Retinal Analytics via Machine learning aiding Physics (RAMP)
Glaucoma occurs at least partially as result of the eye's mechanical behaviour, in particular the elevated intraocular pressure influencing the structural integrity of the sclera and the transport of proteins necessary for the well-being of the retinal cells. The explicit interdependencies from first principles physics to healthy vs degenerative conditions and, consecutively, successful treatment are largely unknown.
RAMP (Retinal Analytics via Machine learning aiding Physics) Intra-Create programme will look to solve the problem by using novel biomechanical analysis methods informed by data science, novel instrumentation and experiments in micro-structured physical emulators (phantoms). In addition, it will look to understand and quantify the links between first principles and pathophysiology which will be beneficial for both prevention and treatment of glaucoma. We will also anticipate major impact on other problems in ophthalmology and more generally on biology and medicine incorporating first principles aided by data science.

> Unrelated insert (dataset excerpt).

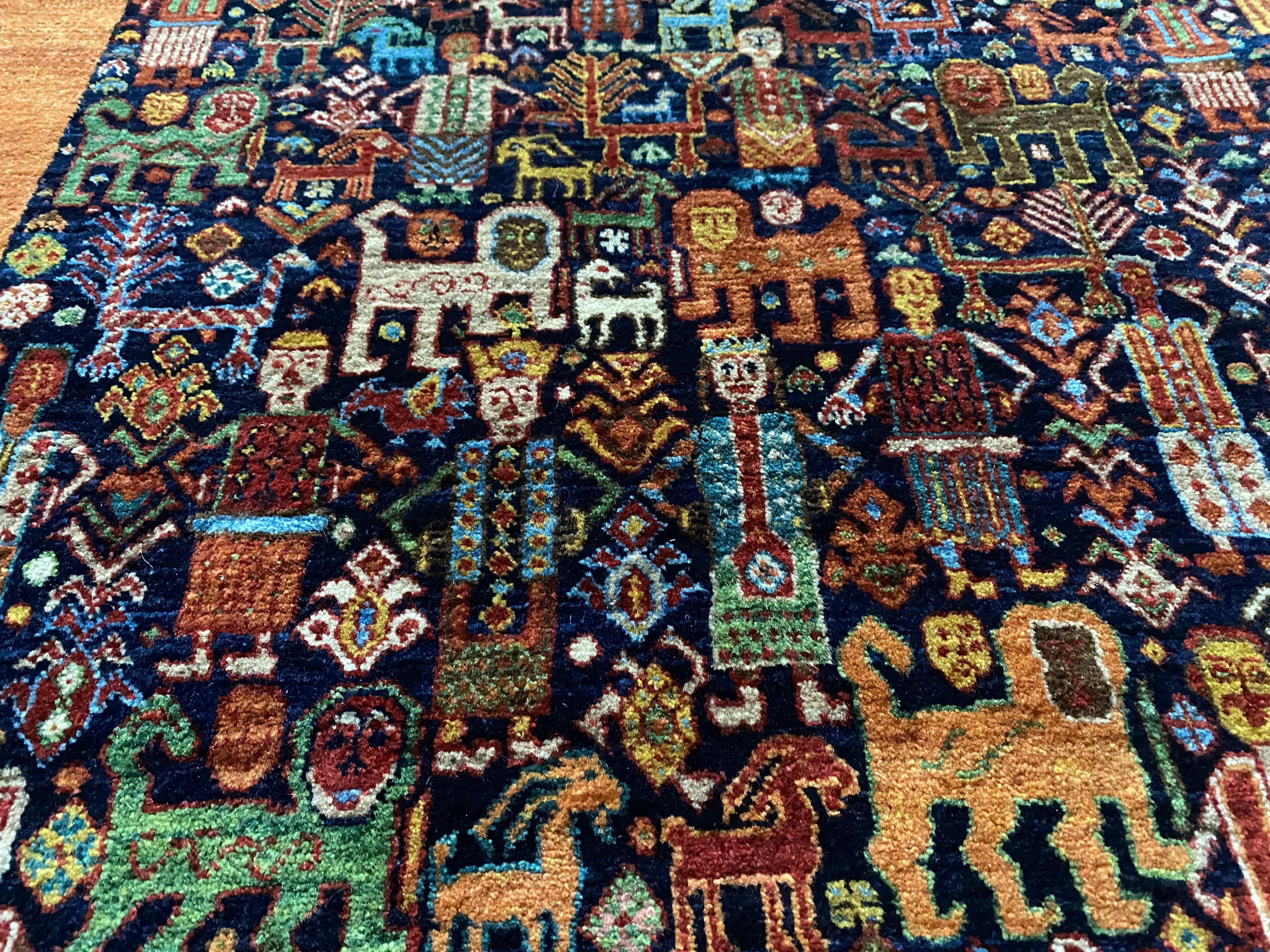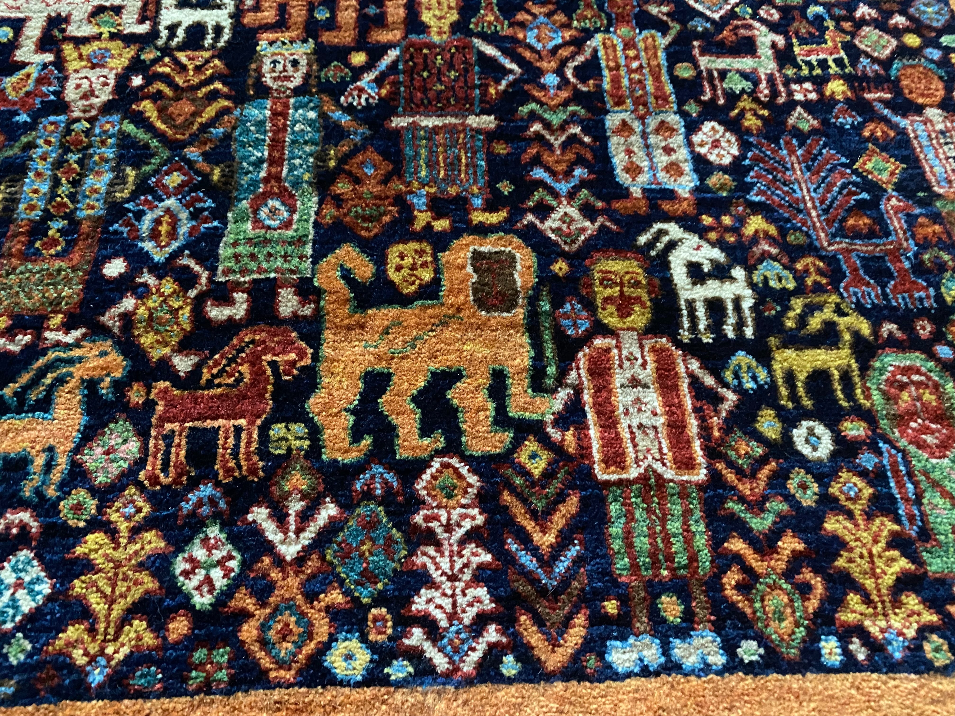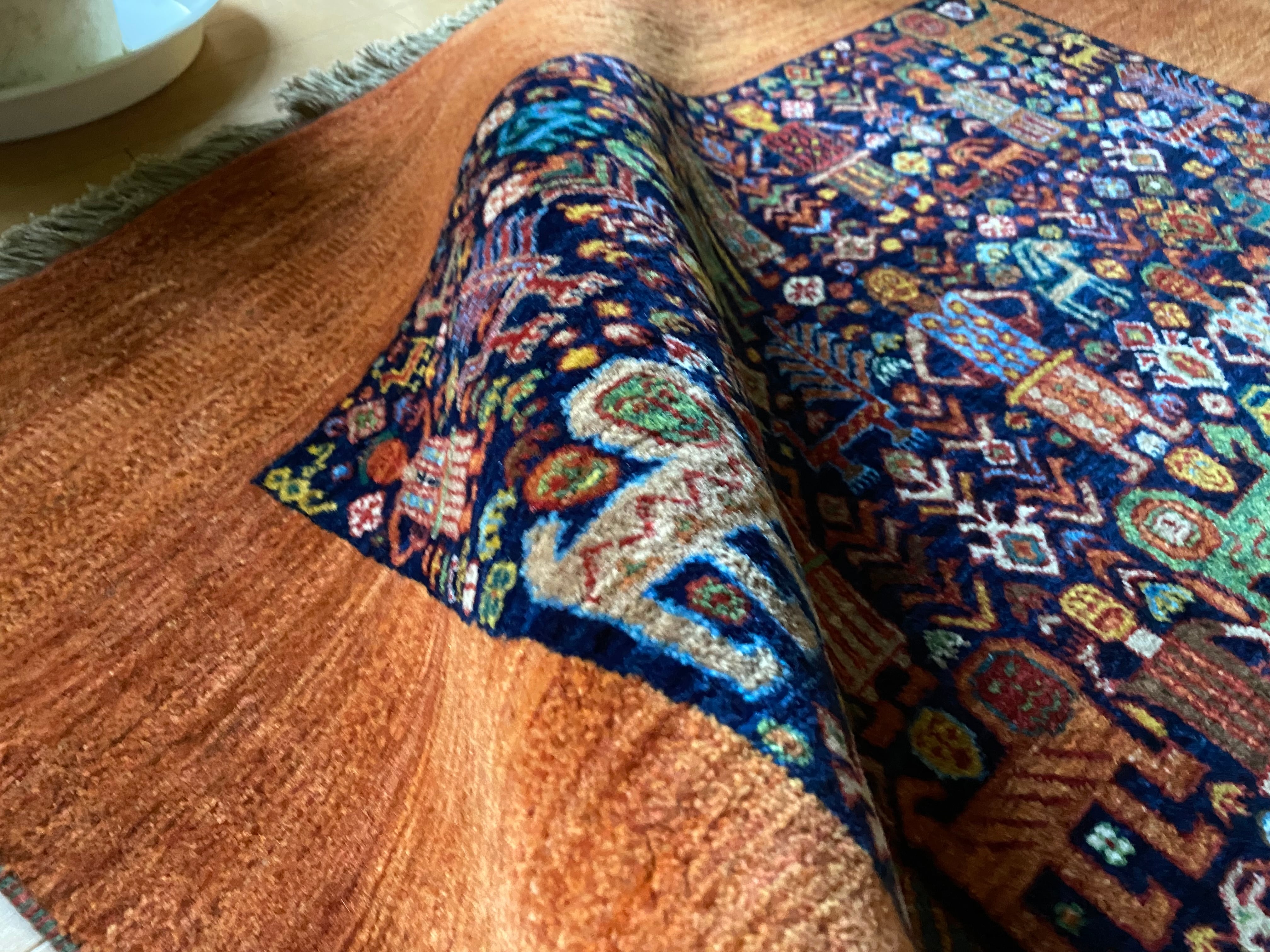 素晴らしい絵画のようなイランギャッベ絨毯ライオンや動物などびっしり細かい織大変貴重なコレクションピース新品未使用品(端に傷みあり)滅多にない逸品良いものをお探しの方へ

The primary objective of RAMP is to use machine learning-aided frameworks based on Optical Coherence Tomography (OCT) scans of the optic nerve head for glaucoma progression prediction. The project will last for 36 months. The main deliverable of our project will be the algorithm for predicting a patient's visual field progression from a set of ophthalmological and standard medical tests. This progression prediction outcome will assist with treatment decisions and reduce the risk of misdiagnosis. Our approach has the potential to simplify glaucoma diagnosis and reduce some glaucoma tests such as fundus imaging, while other important glaucoma tests (such as tonometry & gonioscopy) could still be used in parallel. Our approach might facilitate the learning process of more junior doctors and alleviate the "watch and wait" approach that is the easy fall back for "disc suspects" but which also clogs up clinics and urgently needs rationalizing, or at least risk stratifying. Note that, once diagnosed, a glaucoma patient needs periodic follow-up visits with average lifetime costs of up to S$80,000. In the UK, it has been estimated that if only 10% of the glaucoma population could receive earlier treatment, it would save the UK government between S$1 and S$2 billion annually. If our work is translated in the short term, it may have a considerable economic impact worldwide.